WORK TASK:
Starting with the line that has "(서울=뉴스1) 안은나 기자" and finishing with the line that has "PPW Motorcars is", set down each line below exactly. Pictures are not copied.

DATASET RECORDS:
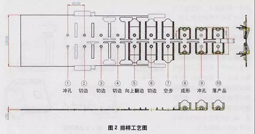 根據該支架零件的外形特點 ,單件為不 對稱彎曲 ,成形時工件易渭動質量無法保證 , 又因該零件較小 , 考慮采用對排保證 零件及 料帶的穩定 。由于該零件料厚 為 1 5mr啊 , 對排后中間連料方案料帶的剛性可以滿足送 料要求 。綜上考慮 ,選定的排樣方案 為 10 個工位 ( 圖2 ) ,各工位依次為;中導正銷孔、 切邊 、 切邊 、 切邊 、 翻邊 、 切邊 、 空位、 成 開豆 、 精 中孔、 切斷。
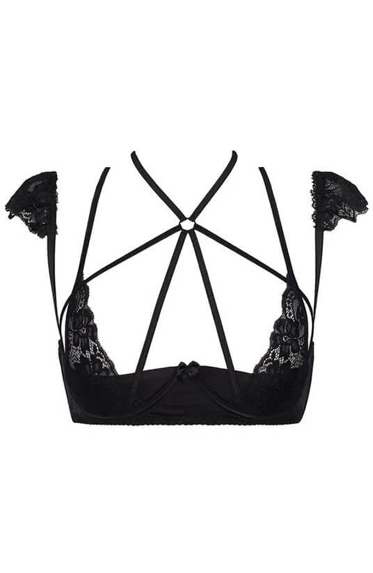 Show him love isn’t blind with this erotic black shelf bra featuring a beautiful black lace overlay that covers the bust, a seductive cage-strap design, halter neck and detachable shoulder straps for maximum support.
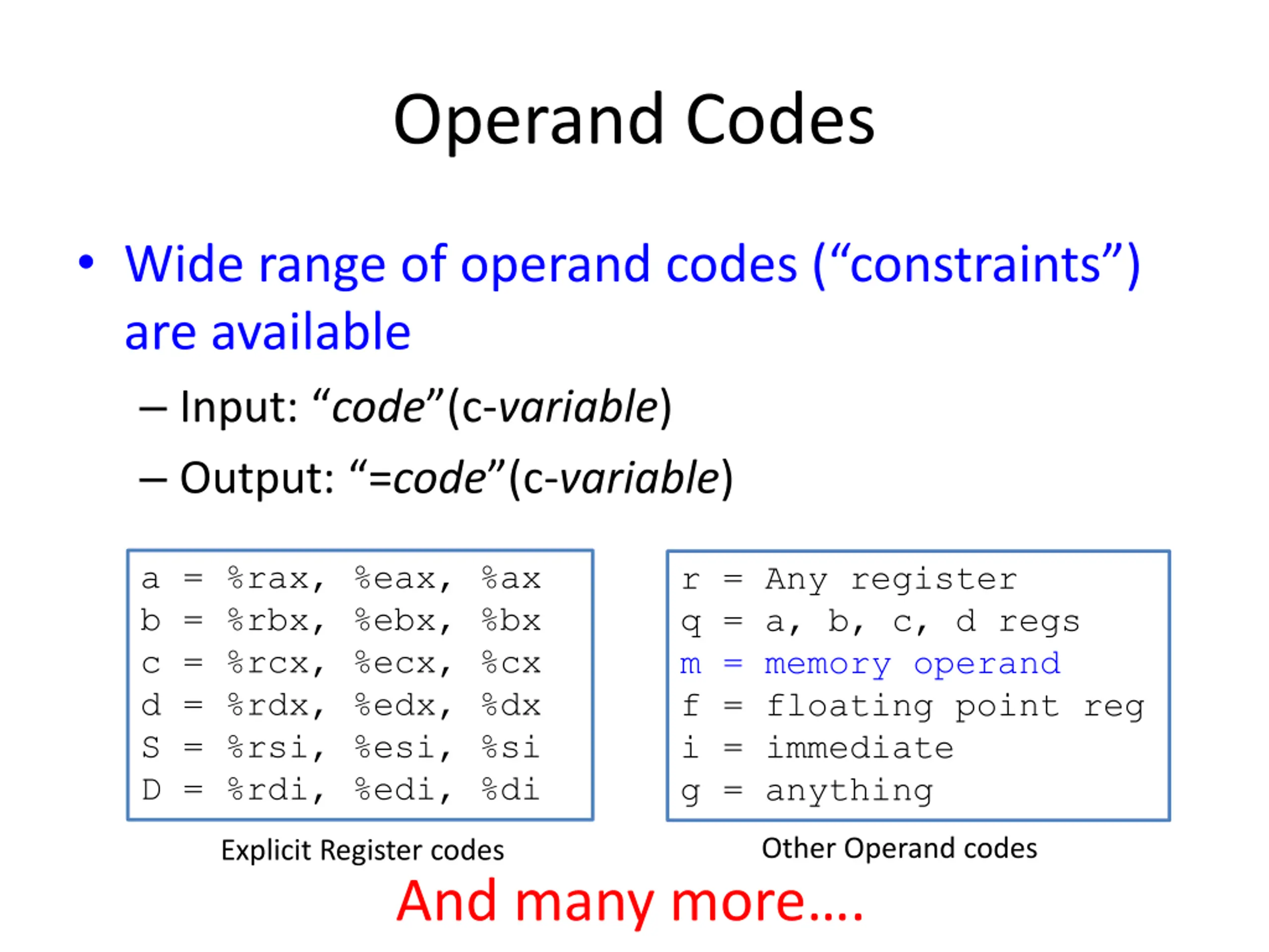 Operand Codes Wide range of operand codes ( constraints ) are available Input: code (c-variable) Output: =code (c-variable) a = %rax, %eax, %ax b = %rbx, %ebx, %bx c = %rcx, %ecx, %cx d = %rdx, %edx, %dx S = %rsi, %esi, %si D = %rdi, %edi, %di r = Any register q = a, b, c, d regs m = memory operand f = floating point reg i = immediate g = anything Other Operand codes Explicit Register codes And many more .
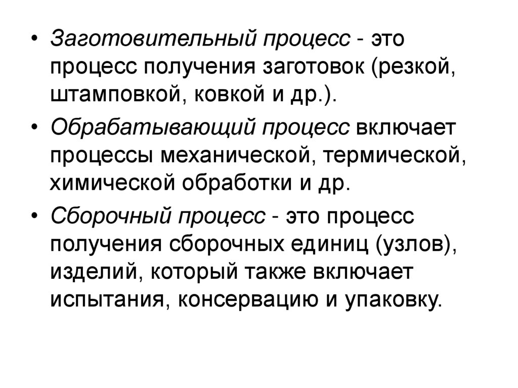 Заготовительный; обрабатывающий;
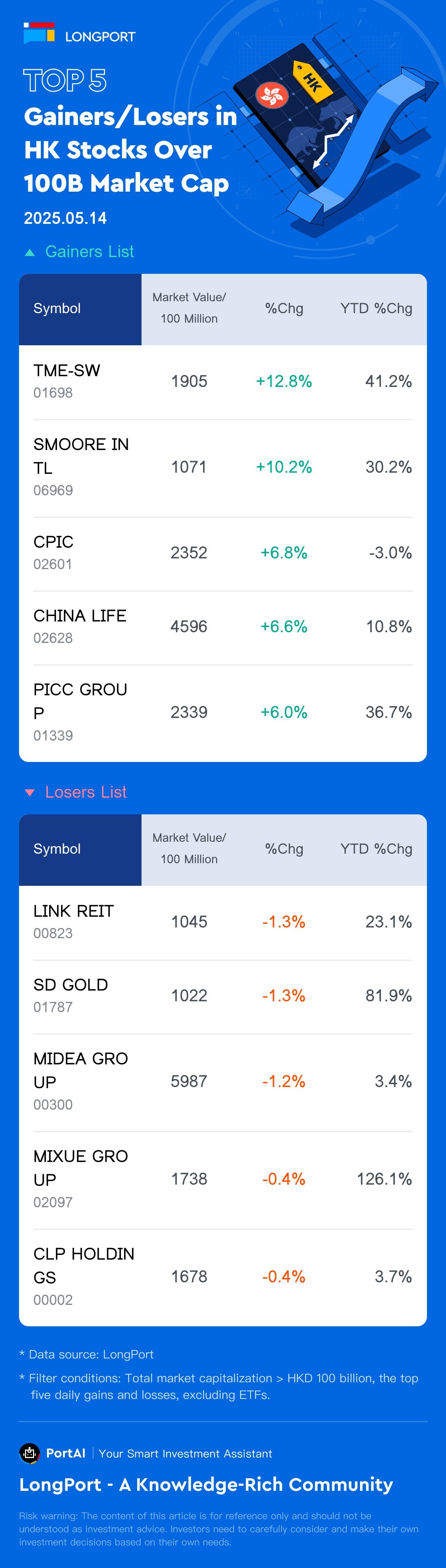 Top 5 HK Stock Gainers/Losers (>100B) (5.14)
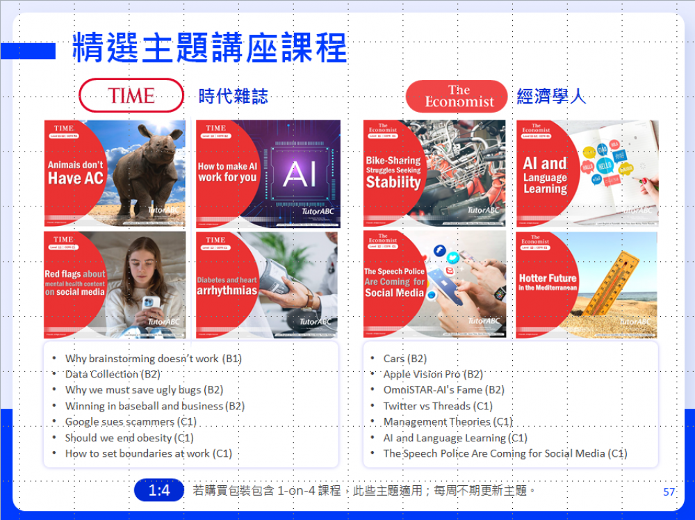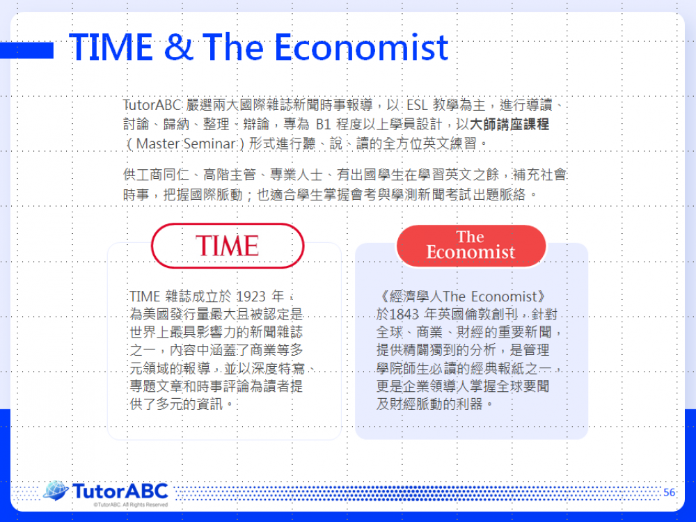 課程更嚴選TIME和經濟學人The Economist兩大國際雜誌的新聞報導,以大師講座課程形式進行聽、說、讀的全方位英文
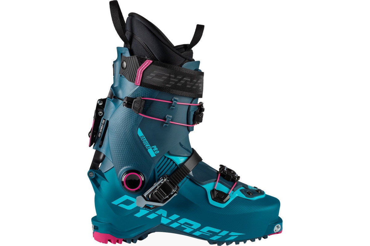 Лижні черевики Dynafit Radical Pro вражають своєю універсальною продуктивністю як під час спуску, так і на підйомі. Вони оснащені революційною системою блокування Hoji Lock, що одним рухом перемикається з режиму катання в режим ходьби, завдяки чому черевики поєднують в собі свободу руху необхідну для сходження та жорсткість для комфортного з'їзду. В режимі ходьби манжета та зовнішний черевик відокремлені, це дозволяє здійснювати ефективний підйом з поворотом манжети на 60 градусів та необмеженою рухливістю ноги. Їх невелика вага та гнучкий язичок, що складається з двох частин з різних технологічних матеріалів гарантує енергозберігаючу природну ходьбу навіть на крутому рельєфі.
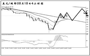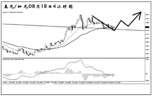 美元兌瑞郎在創(chuàng)出0.7070的低點之后強力反彈,接連升破了兩條下降壓力線的阻力,同時,4小時圖均線系統(tǒng)已經(jīng)形成多頭排列,瑞郎的強勢基本告一段落。目前匯價在對此前的上漲進行修正,短線再度回抽趨勢線的希望較大,此后有望繼續(xù)上行,向周線圖趨勢線阻力0.8300一帶挺近。
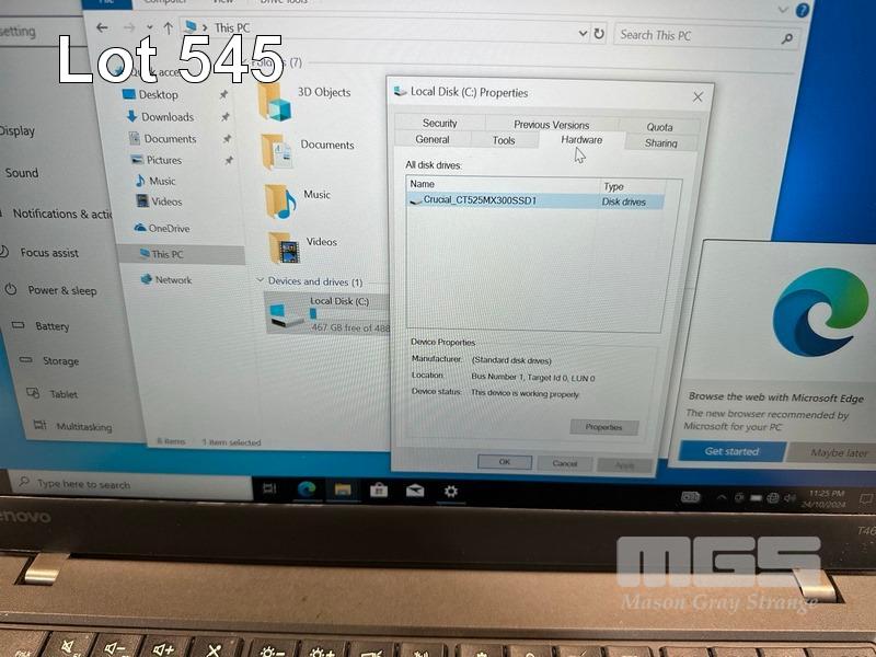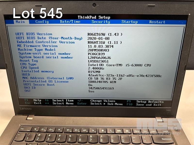 LAPTOP, LENOVO THINKPAD T460, TYPE 20FM, CORE i5 6300U (6TH GEN) @ 2.4GHz, 8GB DDR3 RAM, 525GB SSD, 14" WIDESCREEN (1920x1080), INTEL HD VIDEO, Wi-Fi, BLUETOOTH, WINDOWS 10 PRO INSTALLED & POWER SUPPLY (NOTE: MINOR MARKS ON SCREEN) S/N:PC0GCD39
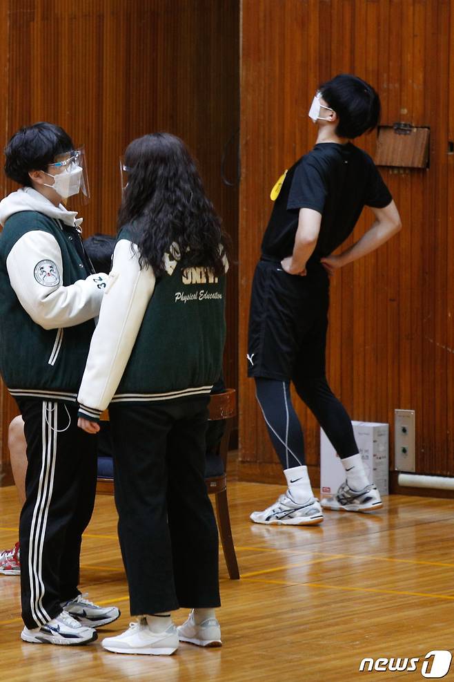 (서울=뉴스1) 안은나 기자 = 17일 서울 성북구 국민대학교에서 열린 2021학년도 체육대학 스포츠교육학과 정시 실기고사에서 수험생이 왕복달리 전 몸을 풀고 있다. 2021.1.17/뉴스1
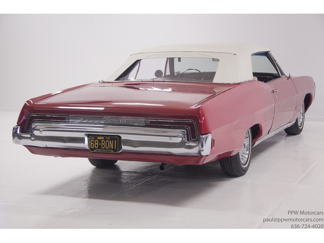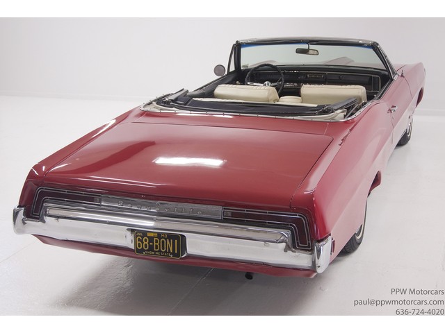 PPW Motorcars is pleased to offer this beautiful 1968 Pontiac Bonneville Convertible that was beautifully ordered in the classic and highly desirable Solar Red with a brand new Bright White Top over a Parchment Interior in Original Condition! Based on condition and originality, this beautiful example of one of the most iconic motorcars of the 60’s is believed to just have 55,346 original miles!
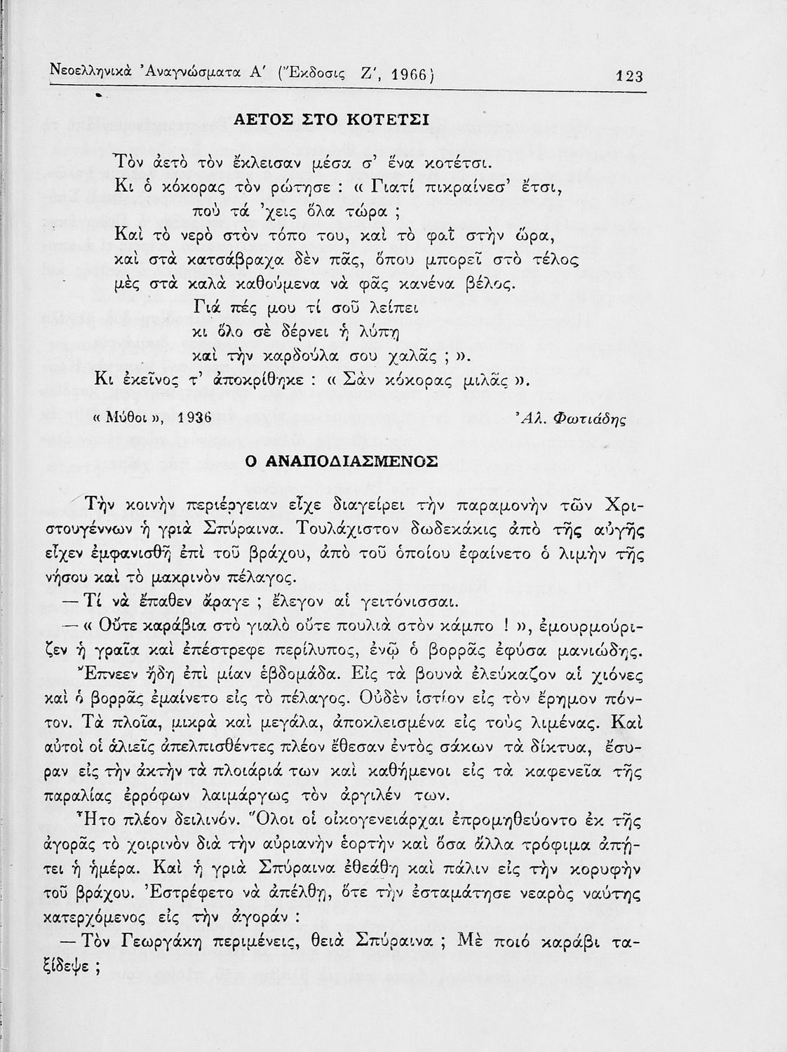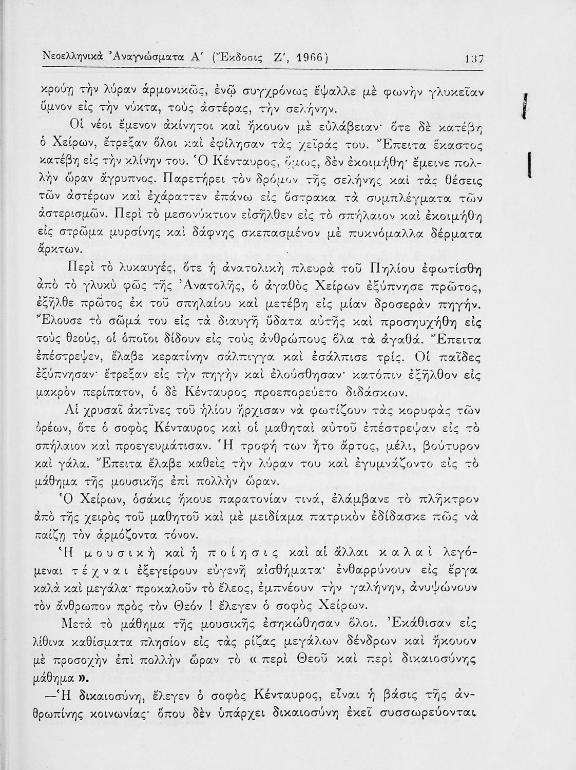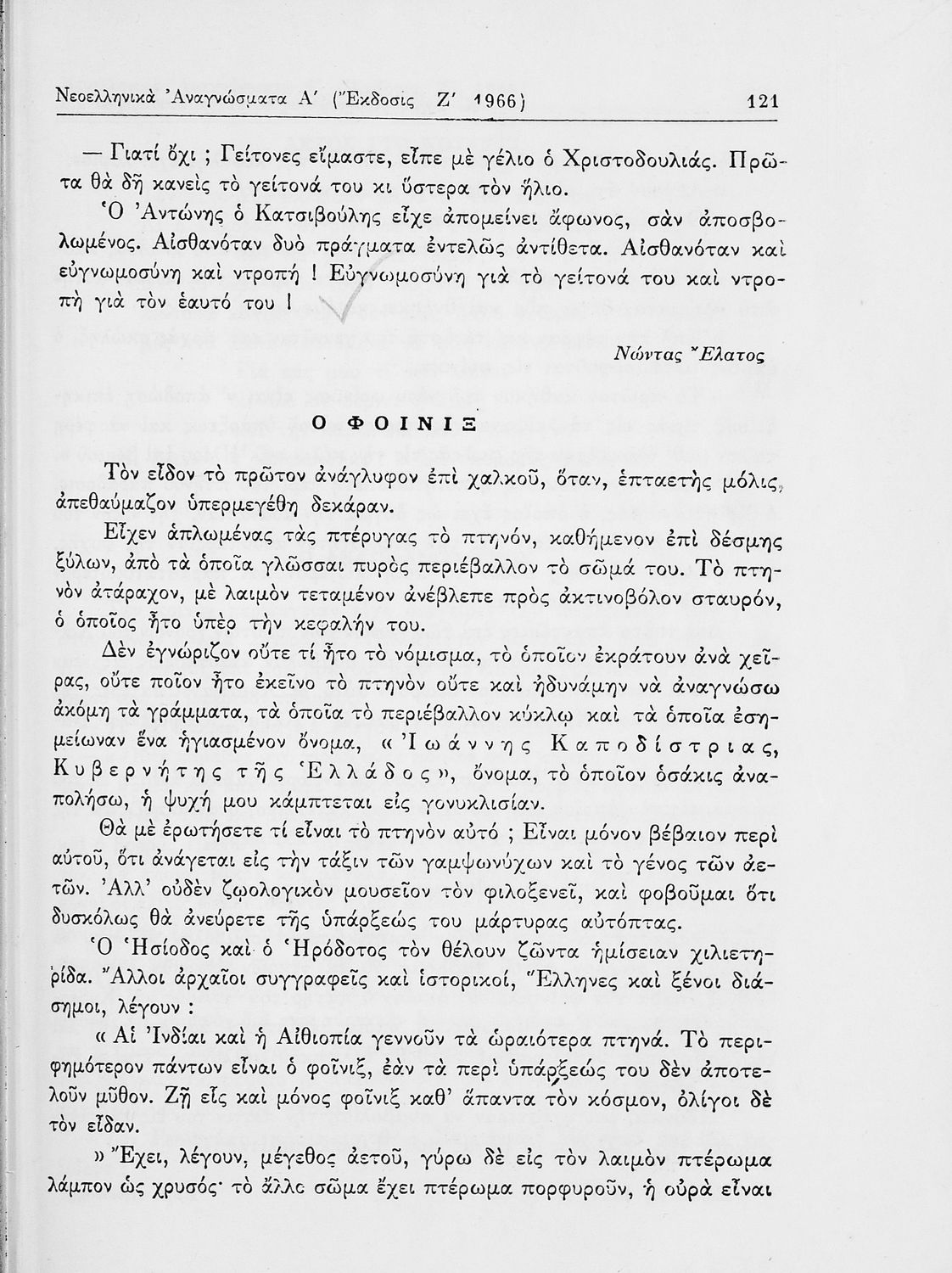 Σχολικό εγχειρίδιο Νέων Ελληνικών Γ΄ Γυμνασίου και Α' Αστικού Σχολείου που περιέχει πεζά και ποιήματα Ελλήνων συγγραφέων εμπνευσμένα από τη θρησκευτική και κοινωνική ζωή, την ελληνική μυθολογία, την αρχαία και
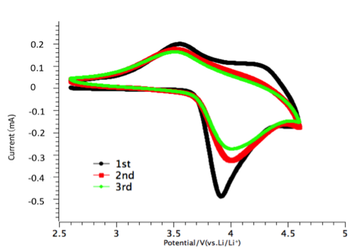 第一次做的锂离子电池富锂三元正极材料的CV图谱,该材料理论上首次循环应该出现两个氧化峰,这样来看电流值正向的是氧化峰。第二三次循环理论上应该只有一个氧化峰,按照如果只有一对氧化还原峰,那么氧化峰的电压值一定大于还原峰电压值的结论,电流值负向的为氧化峰。这就出现矛盾了。希望大神不吝赐教。谢谢。 无标题.png@louderbe@langzhizhou |

REPLY TO THE EXERCISE:
 (서울=뉴스1) 안은나 기자 = 17일 서울 성북구 국민대학교에서 열린 2021학년도 체육대학 스포츠교육학과 정시 실기고사에서 수험생이 왕복달리 전 몸을 풀고 있다. 2021.1.17/뉴스1
 PPW Motorcars is pleased to offer this beautiful 1968 Pontiac Bonneville Convertible that was beautifully ordered in the classic and highly desirable Solar Red with a brand new Bright White Top over a Parchment Interior in Original Condition! Based on condition and originality, this beautiful example of one of the most iconic motorcars of the 60’s is believed to just have 55,346 original miles!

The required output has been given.